Air is being pumped into a spherical balloon so that its volume increases at a rate of 50cm3/s. How fast is the surface area of the balloon increasing when its radius is 11cm? Recall that a ball of radius r has volume V=43πr3 and surface area S=4πr2.
dS/dt = 8πr dr/dt
dV/dt = 4πr^2 dr/dt
so, dV/dt = r/2 dS/dt
dS/dt = dV/dt * 2/r
The given data thus mean that
dS/dt = 500*2/11 cm^2/min
To find the rate at which the surface area of the balloon is increasing, we can use the time derivative of the surface area equation.
Given:
dV/dt = 50 cm^3/s (rate of change of volume)
r = 11 cm (radius)
First, let's find the rate of change of volume with respect to time, dV/dt, using the equation for volume of a sphere:
V = (4/3)πr^3
Differentiating both sides with respect to time (t), we get:
dV/dt = d/dt[(4/3)πr^3]
= (4/3)π * d/dt(r^3)
Since we only have the rate of change of volume, we need to find the rate of change of radius with respect to time, dr/dt, to solve the problem.
Let's differentiate the volume equation with respect to r:
V = (4/3)πr^3
Differentiating both sides with respect to r, we get:
dV/dr = d/dr[(4/3)πr^3]
= 4π * d/dr(r^3)
= 12πr^2
Now, we can find dr/dt:
dV/dt = dV/dr * dr/dt
Substituting the given values for dV/dt and r:
50 cm^3/s = 12π(11 cm)^2 * dr/dt
To find dr/dt, rearrange the equation:
dr/dt = (50 cm^3/s) / [12π(11 cm)^2]
Now, we can calculate dr/dt.
To find how fast the surface area of the balloon is increasing, we can use the chain rule of differentiation.
Let's start by differentiating the given formulas for volume and surface area with respect to time.
The volume of the balloon, V, is given by the formula V = (4/3)πr^3.
The surface area of the balloon, S, is given by the formula S = 4πr^2.
Differentiating both sides of the equations with respect to time (t), we get:
dV/dt = (d/dt)(4/3)πr^3
dS/dt = (d/dt)(4πr^2)
Since we are given that the volume of the balloon is increasing at a rate of 50 cm^3/s, we can substitute dV/dt = 50 cm^3/s.
Now, let's find dS/dt when the radius of the balloon is 11 cm.
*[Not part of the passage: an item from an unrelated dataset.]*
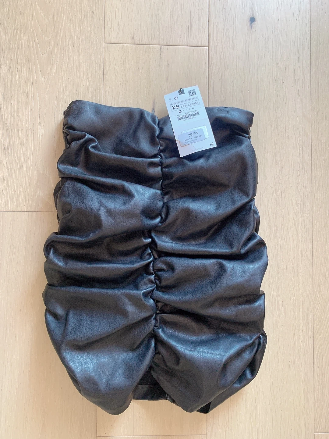 31Selling a Zara faux leather ruched skirt in size XS! The skirt is ruched, adding a stylish touch. Originally bought for $39.90 Brand new with tag Length 45cm
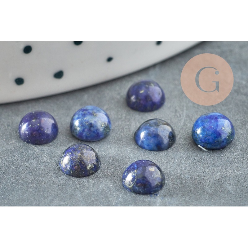 Enhance your creations with this round cabochon in natural Lapis Lazuli . Its magnificent deep blue hue dotted with golden nuances makes it an ideal element for elegant and refined jewelry. To be glued to a suitable support Diameter: 6mm Thickness: 3-4mm O

We can substitute r = 11 cm into our equation for dS/dt.
dS/dt = (d/dt)(4π(11)^2)
To simplify this, we can calculate (d/dt)(121) first. Since the derivative of a constant with respect to time is always zero, we get:
(d/dt)(121) = 0
Therefore, dS/dt = (d/dt)(4π(11)^2) = 4π(2)(11)(0) = 0
So, when the radius of the balloon is 11 cm, the surface area of the balloon is not changing (dS/dt = 0).